What to do:
From the entries below, return exactly the lines beginning at the one that contains "3月5日,奮斗派出所黨員民輔" and ending at the one that contains "20202021 Dependent Household", both of them included, and only those lines.

Records provided:
Content starts

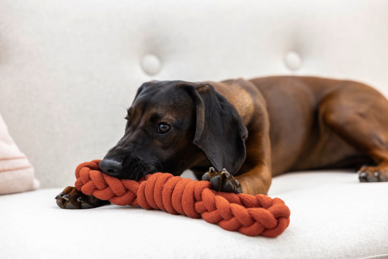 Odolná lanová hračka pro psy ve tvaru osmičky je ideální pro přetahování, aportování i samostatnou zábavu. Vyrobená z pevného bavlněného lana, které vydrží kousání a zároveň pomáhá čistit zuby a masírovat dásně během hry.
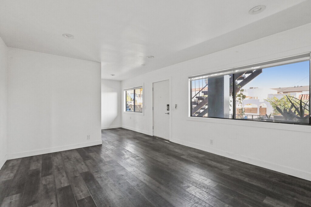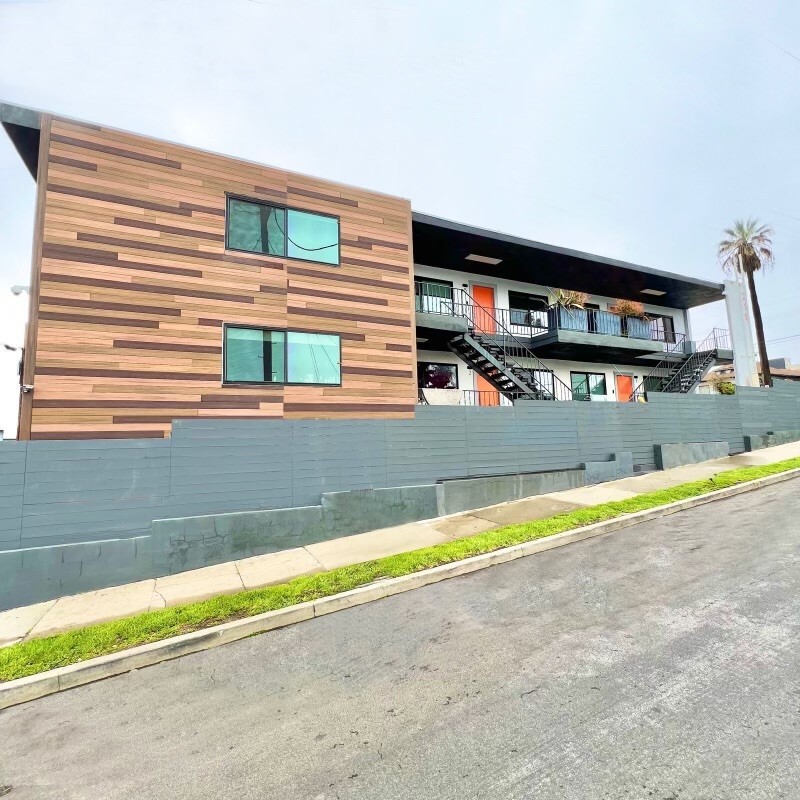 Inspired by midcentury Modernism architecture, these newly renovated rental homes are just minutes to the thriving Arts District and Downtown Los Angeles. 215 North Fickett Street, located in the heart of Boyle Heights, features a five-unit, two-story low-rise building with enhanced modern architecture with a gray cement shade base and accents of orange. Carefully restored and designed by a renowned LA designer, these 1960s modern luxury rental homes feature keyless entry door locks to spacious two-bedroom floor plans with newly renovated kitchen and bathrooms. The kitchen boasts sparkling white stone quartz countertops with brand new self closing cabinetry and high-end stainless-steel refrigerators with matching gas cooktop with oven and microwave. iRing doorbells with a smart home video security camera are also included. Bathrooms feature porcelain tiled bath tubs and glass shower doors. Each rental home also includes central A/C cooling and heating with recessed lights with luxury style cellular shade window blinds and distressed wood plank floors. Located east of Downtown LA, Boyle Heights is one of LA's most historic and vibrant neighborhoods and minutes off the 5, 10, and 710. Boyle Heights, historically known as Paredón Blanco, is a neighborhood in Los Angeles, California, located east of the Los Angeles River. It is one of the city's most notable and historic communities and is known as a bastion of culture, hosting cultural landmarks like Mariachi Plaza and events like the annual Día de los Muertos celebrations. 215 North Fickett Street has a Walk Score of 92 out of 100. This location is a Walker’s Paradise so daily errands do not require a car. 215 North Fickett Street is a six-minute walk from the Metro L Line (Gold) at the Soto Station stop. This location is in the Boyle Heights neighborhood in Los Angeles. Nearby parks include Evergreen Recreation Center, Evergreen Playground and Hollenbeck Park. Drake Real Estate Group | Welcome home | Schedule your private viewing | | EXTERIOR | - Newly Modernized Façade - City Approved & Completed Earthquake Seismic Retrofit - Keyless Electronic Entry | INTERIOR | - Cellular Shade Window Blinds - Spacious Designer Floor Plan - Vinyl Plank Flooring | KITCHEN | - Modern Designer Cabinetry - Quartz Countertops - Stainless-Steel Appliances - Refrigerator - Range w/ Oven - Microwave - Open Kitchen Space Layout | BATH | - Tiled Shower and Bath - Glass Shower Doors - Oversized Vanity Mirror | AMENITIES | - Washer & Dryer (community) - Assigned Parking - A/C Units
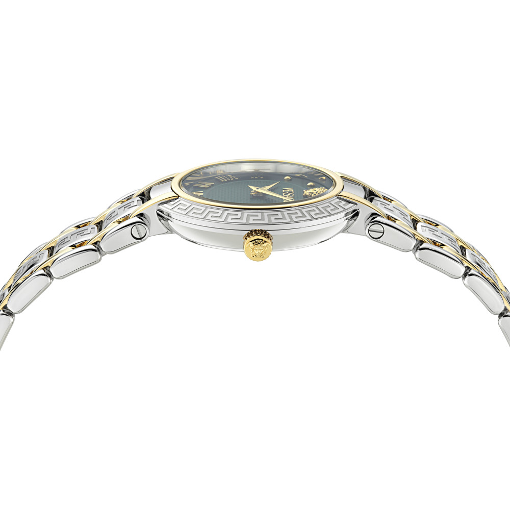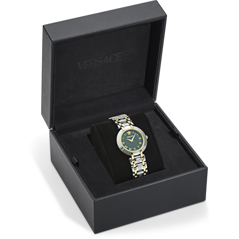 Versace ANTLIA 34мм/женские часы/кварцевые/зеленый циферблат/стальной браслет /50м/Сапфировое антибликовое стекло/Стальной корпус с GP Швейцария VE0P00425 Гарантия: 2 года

Content ends
Content starts

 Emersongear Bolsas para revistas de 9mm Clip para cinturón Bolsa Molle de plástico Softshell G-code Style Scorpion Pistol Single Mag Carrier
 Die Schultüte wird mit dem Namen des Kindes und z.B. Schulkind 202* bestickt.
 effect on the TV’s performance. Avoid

Content ends
Content starts

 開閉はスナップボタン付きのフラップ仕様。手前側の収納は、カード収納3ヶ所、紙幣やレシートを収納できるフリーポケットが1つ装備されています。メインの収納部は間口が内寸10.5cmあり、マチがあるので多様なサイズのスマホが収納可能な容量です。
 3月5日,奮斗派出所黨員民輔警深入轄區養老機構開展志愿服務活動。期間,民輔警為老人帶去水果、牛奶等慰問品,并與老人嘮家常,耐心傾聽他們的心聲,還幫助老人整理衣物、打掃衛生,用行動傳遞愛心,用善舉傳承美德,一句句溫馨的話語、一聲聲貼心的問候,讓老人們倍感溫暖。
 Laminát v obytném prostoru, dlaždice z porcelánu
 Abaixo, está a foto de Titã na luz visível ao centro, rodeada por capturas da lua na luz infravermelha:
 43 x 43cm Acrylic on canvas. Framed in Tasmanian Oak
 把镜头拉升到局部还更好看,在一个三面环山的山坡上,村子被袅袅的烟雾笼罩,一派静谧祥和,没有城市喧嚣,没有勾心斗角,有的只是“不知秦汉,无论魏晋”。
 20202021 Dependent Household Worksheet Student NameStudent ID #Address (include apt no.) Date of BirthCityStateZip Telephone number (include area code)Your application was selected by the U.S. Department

Content ends

Task response:
 3月5日,奮斗派出所黨員民輔警深入轄區養老機構開展志愿服務活動。期間,民輔警為老人帶去水果、牛奶等慰問品,并與老人嘮家常,耐心傾聽他們的心聲,還幫助老人整理衣物、打掃衛生,用行動傳遞愛心,用善舉傳承美德,一句句溫馨的話語、一聲聲貼心的問候,讓老人們倍感溫暖。
 Laminát v obytném prostoru, dlaždice z porcelánu
 Abaixo, está a foto de Titã na luz visível ao centro, rodeada por capturas da lua na luz infravermelha:
 43 x 43cm Acrylic on canvas. Framed in Tasmanian Oak
 把镜头拉升到局部还更好看,在一个三面环山的山坡上,村子被袅袅的烟雾笼罩,一派静谧祥和,没有城市喧嚣,没有勾心斗角,有的只是“不知秦汉,无论魏晋”。
 20202021 Dependent Household Worksheet Student NameStudent ID #Address (include apt no.) Date of BirthCityStateZip Telephone number (include area code)Your application was selected by the U.S. Department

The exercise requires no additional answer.